Wish I could’ve found one with Draco being the victim. Ron will suffice though.


Draco: But…but…


MJ: Do you want me to take another five, Mr. Malfoy.


Draco: My father…


MJ: And fifteen for nepotism.  Now, let’s start the lesson.  What do you all know about dragons?


Hermione raises hand.


MJ: Yes, Ms. Granger.


Hermione: There’s a variety of dragons the most fearsome of the all being the Hungarian Horntail.




Hermione: No, I’m not.  It says right in the book…


MJ: Oh, you want to talk about books (pulls out Talon) read this and then tell me who the most fearsome of dragons is?


Hermione: I’ve never seen that book.


MJ: I suppose you wouldn’t since it’s written about twenty-one years from now.


Ron: You’re from the future?  Is that even possible?


MJ: I see Rowling gave you more credit than you deserved.  Five points from Gryffindor for being a complete dolt.


Okay, now it’s appropriate.


Ron: Hey, but I thought you liked us.  You took points from Slytherin.


MJ: I am a Slytherin (well, according to Pottermore and most other Sorting Hat tests on the internet, though I occasionally do score Ravenclaw).  I only took points from you because I can’t stand Mr. Malfoy. And since Snape is the only teacher who actually has the guts to take points, I had to sort of balance things out.  Back to the point, since it is twenty-one years in the past I guess I’m going to have to discuss Talon and how it features the most fearsome of dragons.


Hermione: It does not.


MJ: It does Ms. Granger.  Tell me, who annoys you the most in the world?


Hermione: Um, Lavender, I guess.


Lavender: Hey?


Hermione: Well, you do talk a lot about how you fancy Harry.  All.  The.  Stinking.  Time.


Lavender: Well, that’s because he’s Harry…


Harry: Please, tell me you’re not talking about this.


Hermione: Well, Professor MJ.  I don’t see how a dragon being annoying relates to Lavender.


MJ: But it does, Ms. Granger. The dragon in this book is an annoying teenage girl.  Who doesn’t have a lick of common sense.  She moons over a boy, who wants to kill her, by the way.  And she does stupid stuff without thinking.

Hermione: That’s annoying, but not dangerous.


MJ: She’s a dragon.


Hermione: Okay, true but….


MJ: She’s a dragon.  Fire breathing.  Reptilian creature.  I’m assuming that those of you with half a brain (eyes only Hermione) have read about how strong just physically a dragon is. Now, imagine that with hormones.


This but with insta love.


Hermione: Okay, you do have a point.  But still, I’m sure that she’s not the most deadly of dragons.

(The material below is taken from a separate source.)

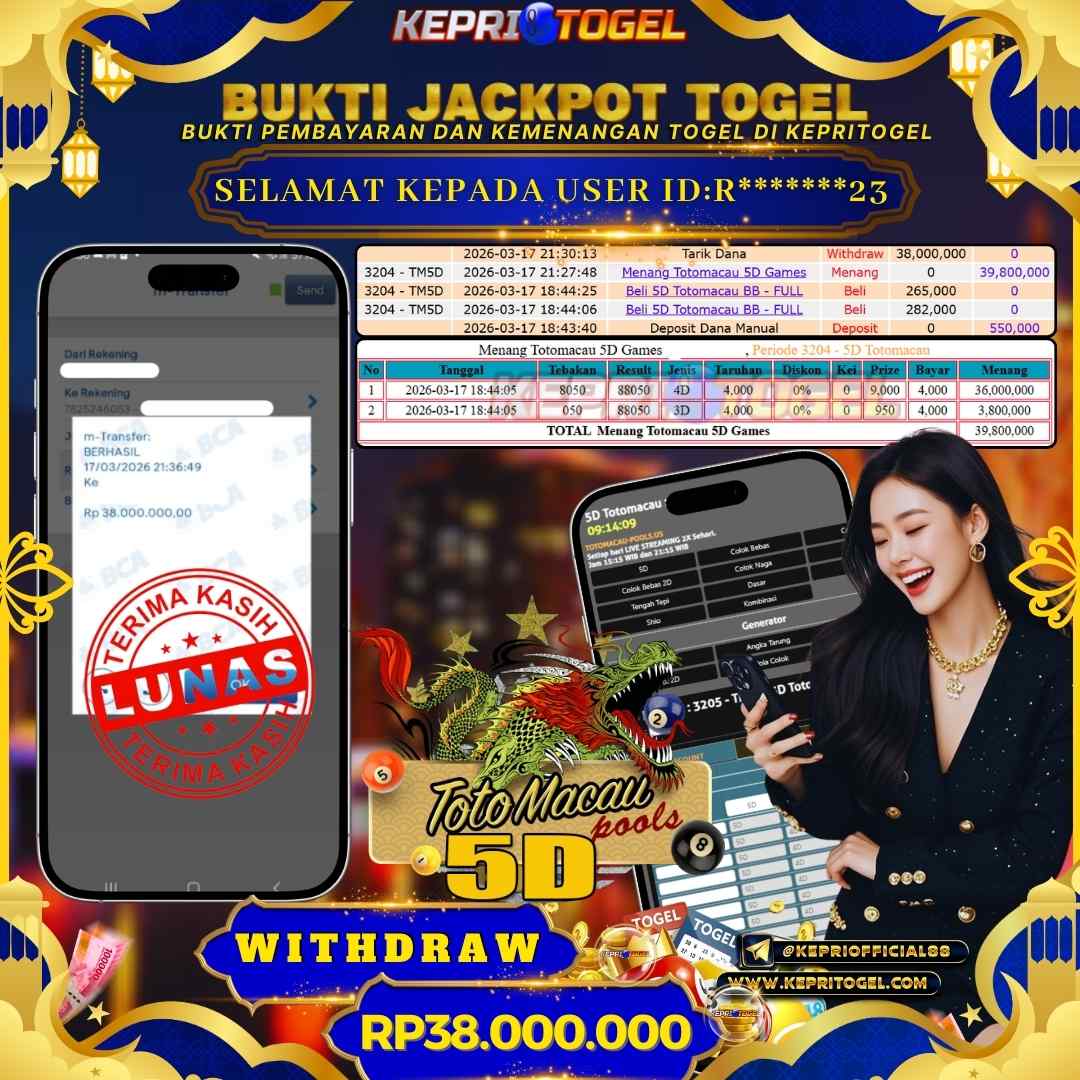Kepritogel Jackpot Togel Toto Macau 5D Rp38,000,000

MJ: Okay, let’s talk about the love interest.  Would you date someone who’s trying to kill you?


Hermione: Uh, no. Of course not…


MJ: Well, it happens here.  Imagine dating Mr. Malfoy.  And not in the creepily hot fannon way.  That would be the equivalent to the relationship that Ember shares with Garret.


Draco: Me and Granger.  Can someone obliviate me.

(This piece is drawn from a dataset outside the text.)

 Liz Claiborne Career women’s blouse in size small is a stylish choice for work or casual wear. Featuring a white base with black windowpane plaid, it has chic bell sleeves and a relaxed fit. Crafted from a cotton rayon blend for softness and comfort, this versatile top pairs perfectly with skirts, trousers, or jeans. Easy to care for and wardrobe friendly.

MJ: I would but using memory charms against students have been prohibited since the whole Lockhart fiasco. But I get your pain. I have no issue with forbidden romance, but when there’s hints of abuse to it.  I just get the ick feeling.  And nothing says ick like a guy trying to kill you.


Hermione: Professor, would you mind talking about these dragon hunters?  What were their methods.

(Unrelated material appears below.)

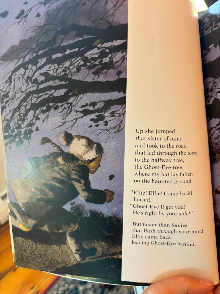 Now, I appreciate the folksy rhythm of the verse and the sweetness of the underlying story, what it’s really about–two siblings experiencing a surprising moment of tenderness. Ellie, the narrator’s sister, runs back to the terrifying ghost tree to rescue her little brother’s special hat, blown off his head when the tree scared them on their way home from fetching milk.

MJ: Well, they didn’t use broomsticks to…oh, yeah spoiler.  Um, they used guns from what I gathered.


Ron: Gun?  I think dad has some of those.


MJ: He does…and I thought the UK had stronger gun laws then America.  Please, tell me he doesn’t have bullets.


Ron: What’s a bullet?


MJ: Well, that’s something…I guess.


Harry: A gun didn’t do much to Hagrid.  Don’t reckon it do much to a dragon either.

MJ: Well, finally someone with common sense.  Mr. Potter five points to your house.  Unlike Ms. Kagawa whose house would be losing dozens of points if she attended Hogwarts.


Hermione: So, then he’s not really much a killer, is he?


MJ: The Stephenie Meyer It’s Fiction Situation, Ms. Ganger.


Hermione: Stephenie Meyer?


MJ: Oh, to live in a world where there is no Twilight yet… You know, maybe I should be doing rationale things with my time traveling device like preventing that book from publication.


Hermione: You can’t change the past.


MJ: You can.  I’m sure it’s allowed in some fictional universe. Just not the ones exposed to Back to the Future.  And BTW, still waiting for my hover board.  Okay, let’s see did we talk about dragon society yet?


Draco: Dragons are bloody animals.  They can’t have concept societies.


MJ: Ten points for being an idiot, Mr. Malfoy.  Magical creatures can have communities.  I suggest you pay more attention to your surroundings.  The food on your plate should say everything about magical creatures communicating and cooperating with each other.  Though to be fair, most magic creatures don’t have top secret creepy societies that come out of something you’d see on Ancient Aliens-future thing.


Draco: Make sense they don’t have any communities…because they’re so backwards.


MJ: Fifty points for being an intolerant bigot.  And the fact that you equate having a super evil society to being an advance civilization really shows what  potential psychopath you are.  No wonder, Voldemort gave you so many chances and hugs.



Harry: You said his name?


MJ: Well, yeah.  It’s not like he’s Biggie Smalls.  Back on the subject matter of creepy societies, I’m just done with it.  Why does every secret group have to be evil.  There’s no originality there.  And to be honest, both the crazy reptilian wannabe dragons and the society of St. George reminded me of the Alchemists (see Bloodlines by Richelle Mead) and any other group of self righteous hypocrites I see in YA books.  And I’m just sort of done with it, if there’s no hook to it that gets me to want to read it and it stars a Lavender Brown wannabe.


Hermione: Bad books suck.


MJ: Yes, they do, Ms. Granger.  But they make me angry enough to create a time machine that bends reality.  Hence, why I’ve went back in time to teach you guys about dragons. That and, well, I wanted to get away from Twilight.


Hermione: What’s Twilight?


MJ: A book that’s worst than any of the unforgivables.  A book (eyes Draco) the Dark Lord would love to get his grubby hands on…


Epilogue :


The Harry Potter series ended  abruptly  two days later in the middle of book three.  After hearing his sub inform him about a book worse than an unforivable, Draco stole her time traveling device and gave it to Wormtail.   When Wormtail goes forward in time he grabs Voldemort a copy of Twilight.  Proceeds to read it to the dark lord and kills himself and Voldemort in less than ten pages. Instead, of Voldemort being he who should not be named Stephenie Meyer has taken over that tile.  As for MJ, she was offered a position of Surviving Bad YA 101 where she taught students how to avoid some of the most horrible creatures in YA.  No one in the school has been attacked by a Kagawa dragon thanks to her brave actions, Draco did join the cult of the Shadowhutners though. But nobody is perfect. 


Overall Rating: I’m giving this one a C-  Myself I DNF’d it.  But despite the flaws I found with the plot and characters, the writing is solid and so is the pacing for the most part.